The Passage: 800 Pages of a Vampire Pandemic

I wanted a hefty summer read and so I chose… a book about a vampire pandemic? I blame some NYTimes column of summer reading suggestions for pointing me to Justin Cronin’s The Passage. Blame suggests it was a bad choice. I don’t know. It might have been. Probably the part about reading about a pandemic where there are only a handful of human survivors left was a bad choice. But the part about a virus that creates vampires was excellent.

I was about to write that it would make a great adaptation for TV and then I checked and it has ALREADY BEEN ADAPTED. Clearly TV producers are reading my mind/blog. A great adaptation because it’s super plot driven, with lots of hanging scenes where you’re left wondering if someone is still alive, or why they are having a strange dream, or whether X hero is going to make out with Y hero. Plus lots of descriptions of fancy military equipment and gritty technology that makes for excellent set design.
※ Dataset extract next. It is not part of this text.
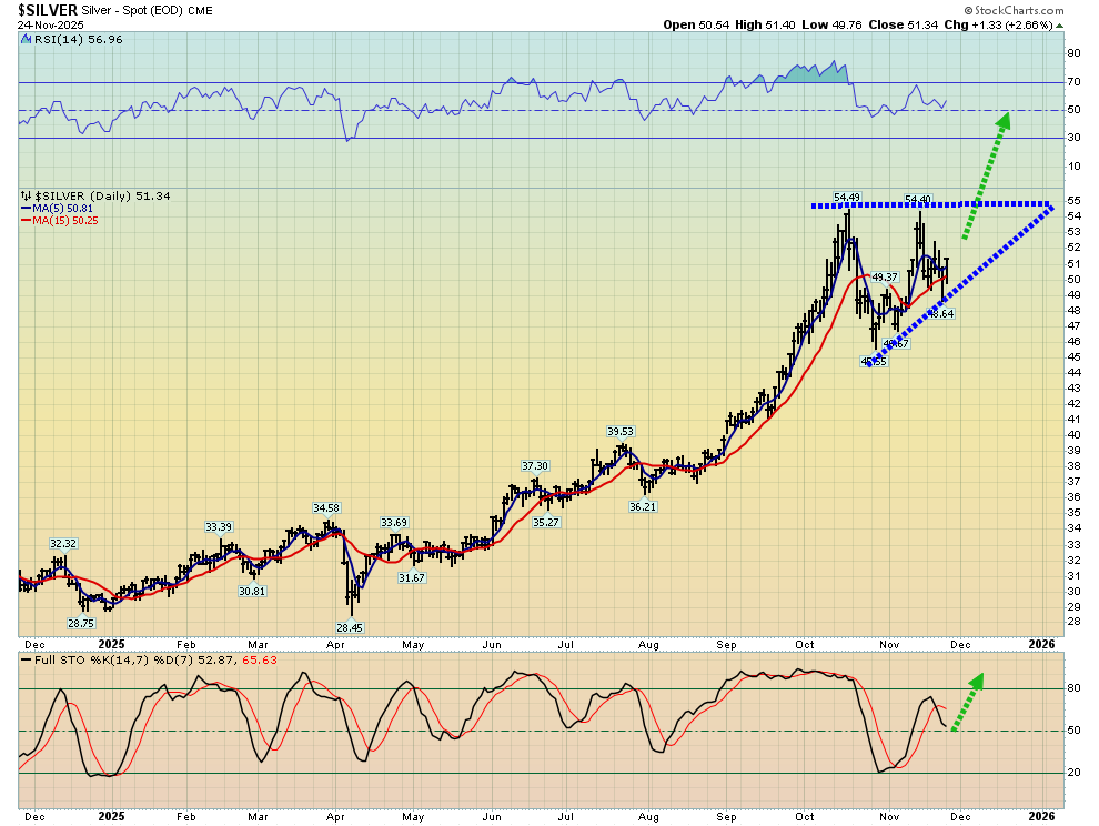 - Silver? Please click here now. Click to enlarge. As with gold, Stochastics and RSI are hovering nicely in the 50 zone.

Reasons you could probably skip the EIGHT HUNDRED PAGES and just watch the show:

  1. There are many, many other better things to read
  2. The characters aren’t all that interesting or well developed and so the novelistic interiority wouldn’t be missed
  3. There are many, many other better things to read

Reasons you might want to read EIGHT HUNDRED PAGES (and also watch the show):

  1. You have a newborn/puppy/insomnia/high maintenance plant and are forced to be awake at outrageous hours where the best thing preventing you from falling asleep in your chair and thus RISKING THE LIFE OF YOUR CHILD/puppy/sanity/plant is an epic book about a vampire pandemic.
  2. You are similarly trapped somewhere and the only thing available to read is this giant book.
  3. Did I say trapped? I mean, #blessed.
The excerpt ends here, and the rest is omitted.